Within Grafana, the ClusterWare - Cluster Monitoring dashboard displays a summary of current activity on the head node and all compute nodes and is shown upon intial login.
The following example shows the head node and first several nodes of a 49-node CPU-only cluster.

For clusters that include GPUs, the dashboard includes an additional column displaying GPU usage.
Grafana General Page#
Click General / ClusterWare - Cluster Monitoring at the top of the page to display a list of the available dashboards.

The menu lists the Recent dashboards as well as the full General list. The list of dashboards varies based on your cluster hardware. Click ClusterWare - Node Monitoring to display detailed state and activity data for individual nodes. If your cluster includes NVidia GPUs, click NVidia GPU Dashboard to display details about GPU temperature, power draw, CUDA version, clock speeds, and so on.
Grafana Node Monitoring#
The default Node Monitoring display shows details for individual nodes, beginning with the head node.

Click the drop-down list with the current node name at the top left of the dashboard to select a different node in the cluster.
For example, select "n02.cluster.local":

Grafana Syslog and Auditing Monitoring#
Grafana includes ClusterWare - Syslog Viewer and ClusterWare - Audit Log Viewer dashboards.
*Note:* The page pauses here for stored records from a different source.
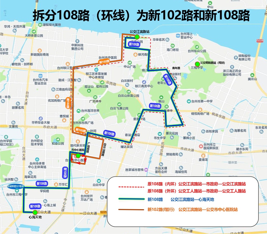 108路:从“公交江滨路站—市政府—公交江滨路站”调整为“公交江滨路站—公交心海天地站”。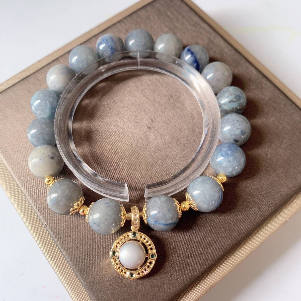 > ◇ソーダライト+真珠1粒◇ブレスレット◇パワーストーン◇天然石◇巾着袋付き◇プレゼントにも 016B52403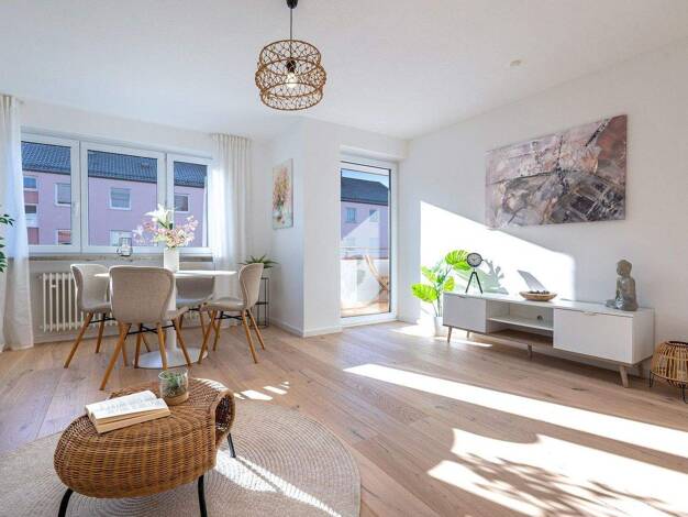 Diese hochwertig sanierte 4-Zimmer-Wohnung mit ca. 83,5 m² Wohnfläche befindet sich im 2. Obergeschoss eines gepflegten Mehrfamilienhauses in ruhiger Wohnlage von Königsbrunn. Die Wohnung überzeugt d...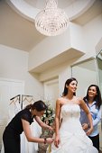 молодых, а позднее - помочь невесте переодеться, если новобрачные отправляются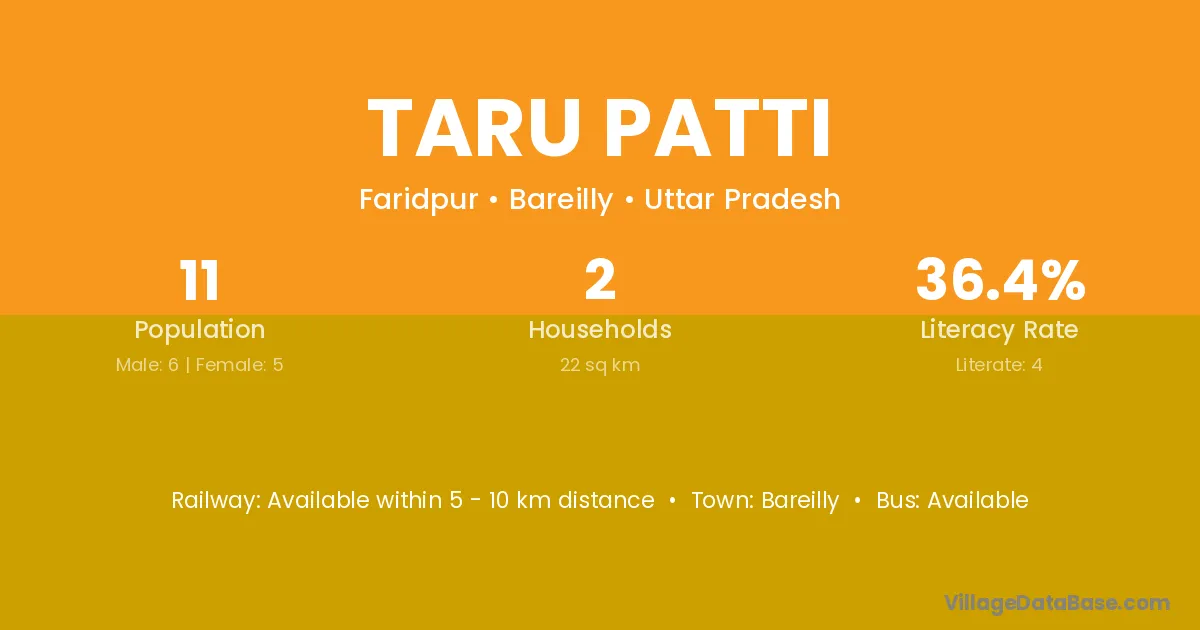 The literacy rate of Taru Patti village is 36.36%. Male literacy stands at 50.00% and female literacy at 20.00%.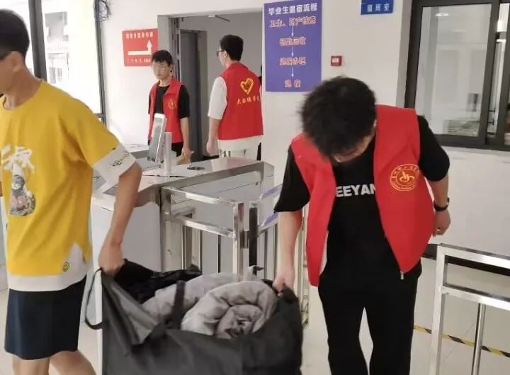 7月1日清晨,学生宿舍搬迁拉开序幕。身穿红色马甲的志愿者们早早来到搬迁现场,争先抢着为同学们搬运行李,一趟、两趟、三趟……“重的我来拿”“同学,我来帮你”……炎炎夏日也挡不住这份热情。一些同学搬出原宿舍后,不忘将寝室打扫干净,甚至上下床的梯步都仔细清理。经过大家的共同努力,宿舍楼焕然一新,墙壁洁白,地面清洁,房间内摆放整齐有序,给蔡家关校区搬过来的同学们提供良好的生活环境。在和谐有序的氛围中,不仅顺利完成了大数据学院学生宿舍搬迁,而且帮助从蔡家关校区搬入贵安校区的其他学院同学完成搬迁。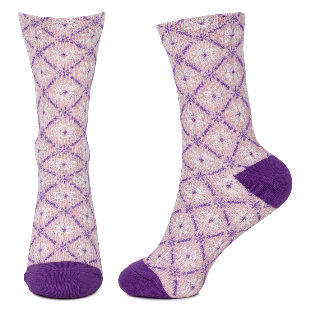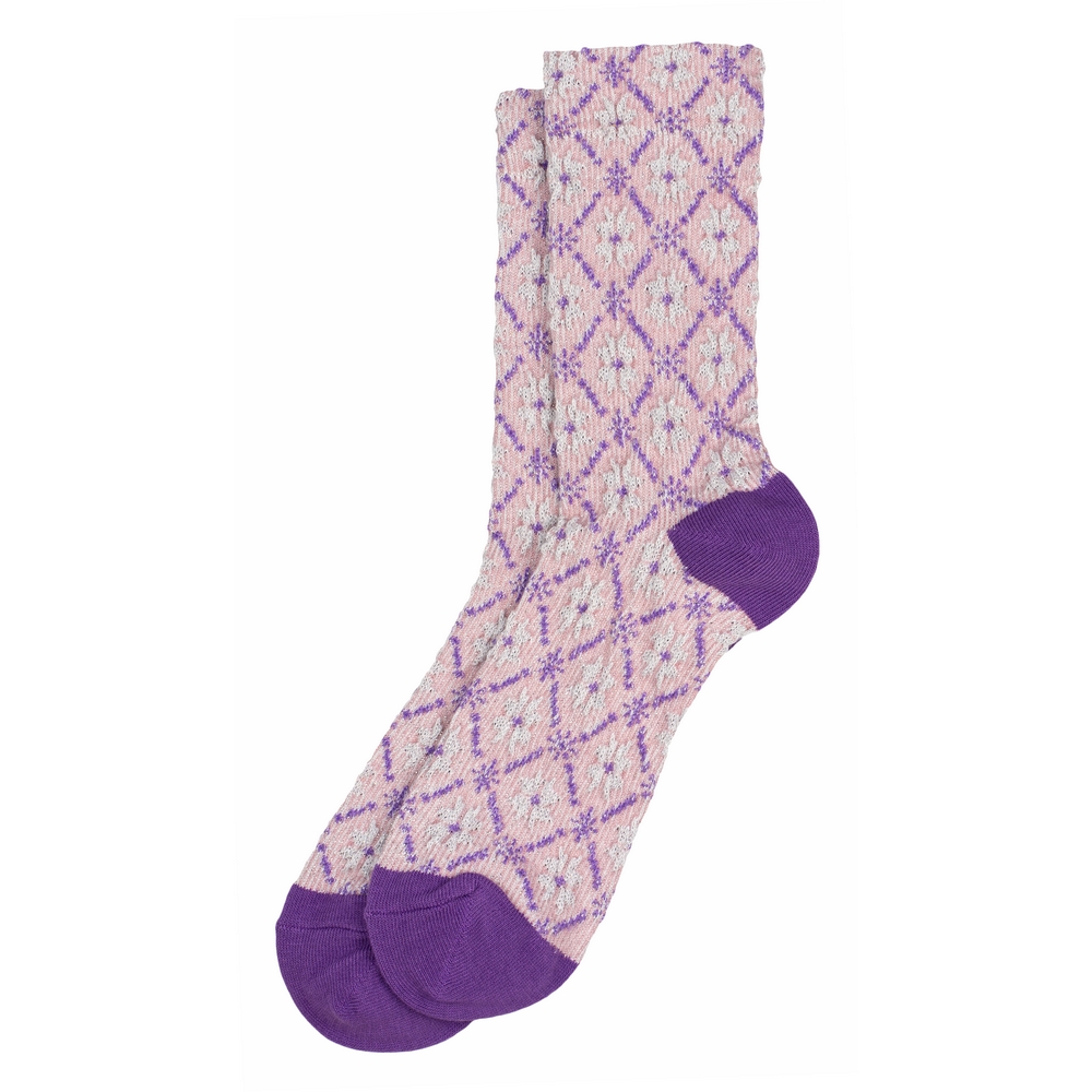 Socks cotton & spandex embossed arts & crafts motif purple & pink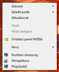 - Spustíme ovládací panel nVIDIA (např. pomocí kontextové nabídky Plochy, kterou vyvoláme pomocí pravého tlačítka myši).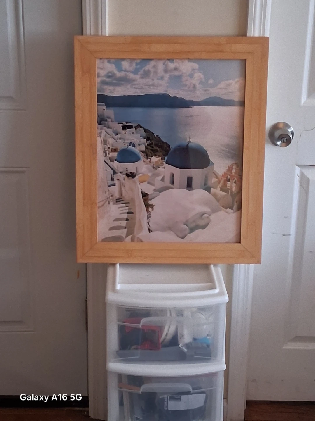 Wooden framed print featuring a scenic view of Santorini, Greece, with whitewashed buildings and blue domes. This piece adds a touch of Mediterranean charm to any room. Ready to hang.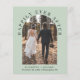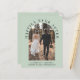 Elegant and budget-friendly sage green elopement or smaller wedding announcement and reception invitation featuring your photo in an arched frame and "Happily Ever After" in elegant typography. Under your photo, add your first names, wedding date and location. On the reverse side, personalize your announcement and party or reception details and add your names in a signature-like script.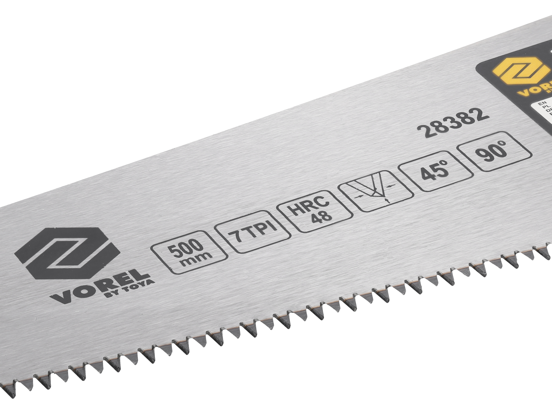 Potrzebujesz wydajnego i precyzyjnego narzędzia do cięcia? Piła płatnica 500mm VOREL 28382 z trójstronnie ostrzonymi i hartowanymi zębami to idealne rozwiązanie dla Ciebie. Zapewnia agresywne i szybkie cięcie w obu kierunkach, znacznie skracając czas pracy. Ergonomiczna rękojeść ułatwia trasowanie kątów, a hartowane zęby gwarantują długotrwałą wydajność.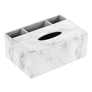 ティッシュケース マーブル調 大理石柄 リモコンラック 小物入れ 分格デザイン 多機能卓上収納ケース マーブルホワイト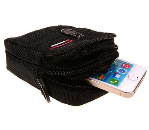- Feature : Compatible with iPhone5/5S/5C iPhone4/4s ,Samsung Galaxy s3,s4 / Size: 3.5(L)inch * 1.5(TH)inch * 5(H)inch Weight:0.01KG / High quality tough and durable nylon material; three zipper pockets provide enough room to hold your phone,some change,keys and credit cards.Extreme overall back and front protection keep your phone from scratches / The three zipper closure with a velcro cover on the front can close this pouch very well, which also makes the whole pouch very convenient and safe / Detachable hand/waist strap can be adjust to the leghth you like and unique design provide you with fashion appearance

You can access these dashboards from the list of dashboards within Grafana or from the Health + Monitoring section of the ClusterWare GUI left navigation panel.
By default, both dashboards show MQTT data from the head node(s). If you have configured auditing or syslog collection from compute nodes, that data is also available.

The ClusterWare - Syslog Viewer dashboard shows messages based on message type, such as error or warning. Spikes in messaging can indicate an issue that requires further investigation. Click a message type next to the graph to filter based on that message type. You can also use the drop-down lists at the top of the page to filter by node or the application that logged the message. See Log Files to review and adjust logging levels.
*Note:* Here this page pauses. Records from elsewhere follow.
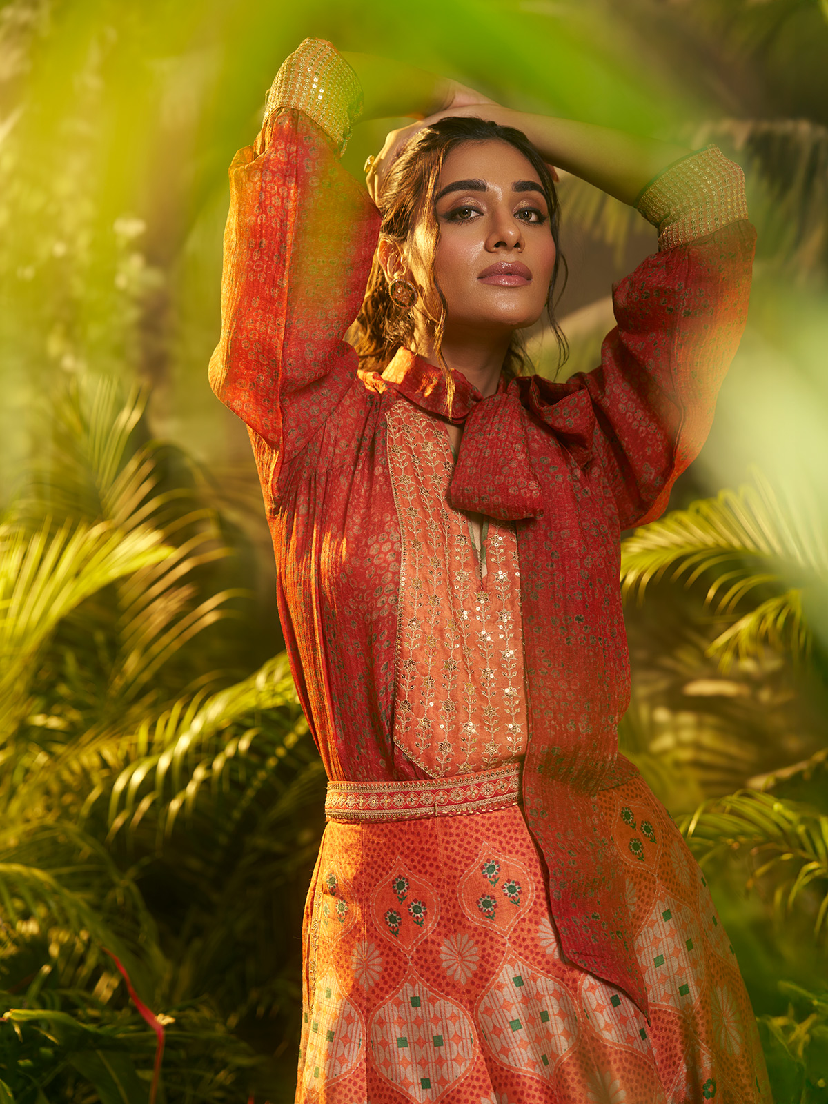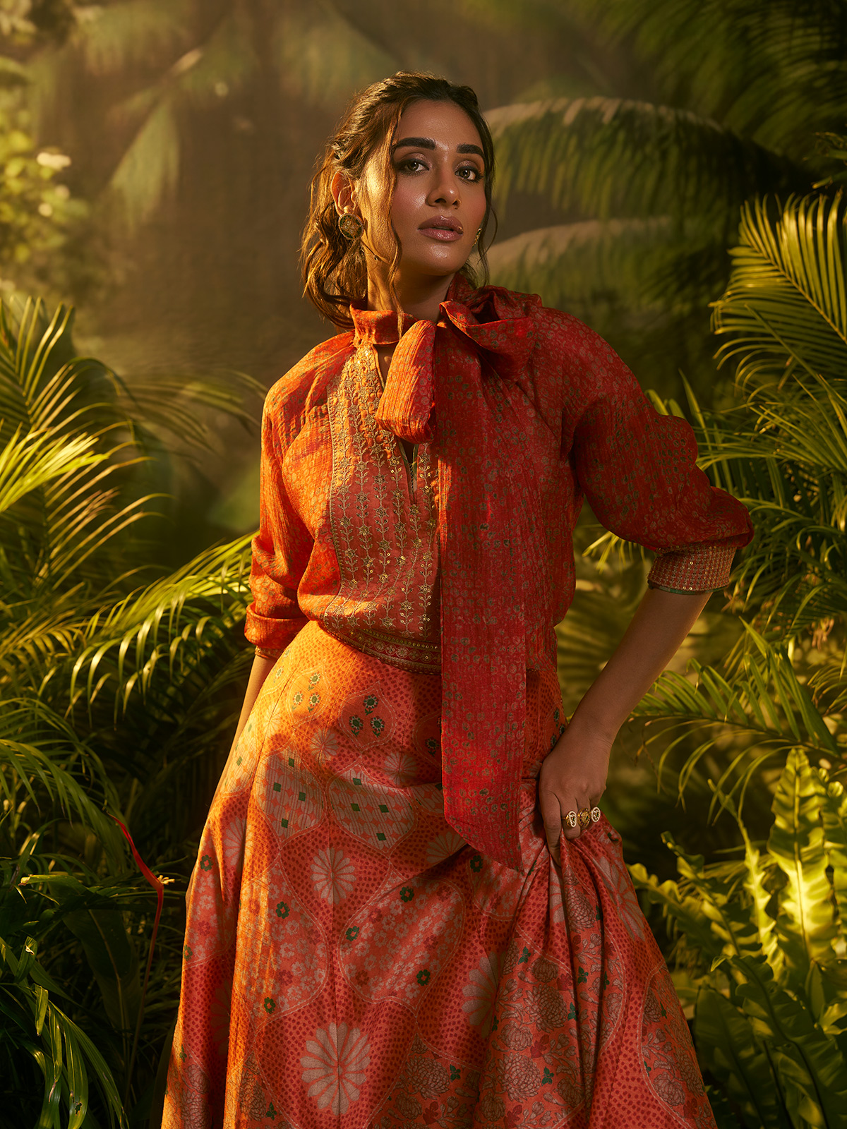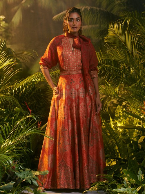 Radiant brilliance shines in this red silk lehenga choli, crafted for bridal opulence. The printed fabric glows with resham and sequins, weaving traditional artistry into every detail. A V-neckline with quarter-sleeved shirt-style choli enhances its charm, creating a majestic choice for wedding occasions filled with festivity and regal allure.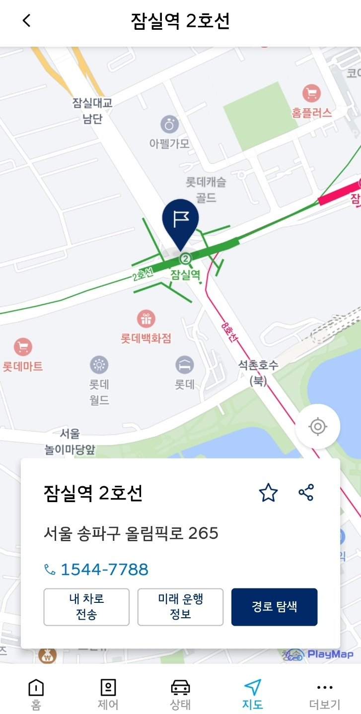 앱 아래쪽에 '지도'를 누르고 검색한 정보를 차에 미리 전송해 둘 수 있다.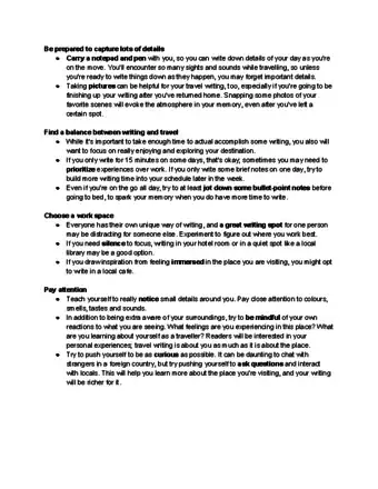 1Take advantage of "dead time." For example, if you are waiting for a train, sitting on the plane traveling to your next destination, or waiting to meet people for lunch, use this time to work on your writing or jot down notes in a journal. You’ll find that you’ll have a lot of dead time while you’re traveling that you can take advantage of.[9]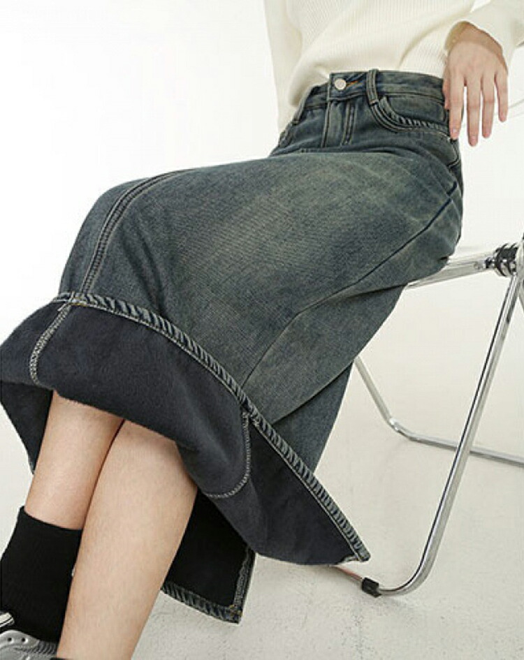 裏起毛 デニムスカート 裏起毛スカート レディースファッション 人気 ブルー ダークグレー S M L XL

The ClusterWare - Audit Log Viewer dashboard displays messages shared by the ClusterWare software. For example, endpoint access messages or authentication actions are logged. Use the drop-down list at the top of the dashboard to filter and review log entries for a particular node. See Auditing to learn more about ClusterWare data collection.
Grafana Alerts#
You can define an Alerts dashboard with configurable panels and alert notifications.
Click the Alerting menu item (bell icon) in the left navigation panel.
On the Alert Rules tab, click New alert rule.
Define the conditions or events about which you want to receive alerts as well as how those alerts should be delivered to you.
An example Alerts dashboard is:

The first panel displays the CPU load levels for the first 10 compute nodes. The second panel displays the disk usage for one head node.
Alerts can be edited by clicking the title bar and selecting Edit from the drop-down menu. In the example below, the Query tab defines what gets shown in the panel. The Alert tab defines what values trigger an alert, what to send in an alert message, and where to send the message.

For details about setting up alerts, consult the Grafana Labs documentation: https://grafana.com/docs/grafana/latest/.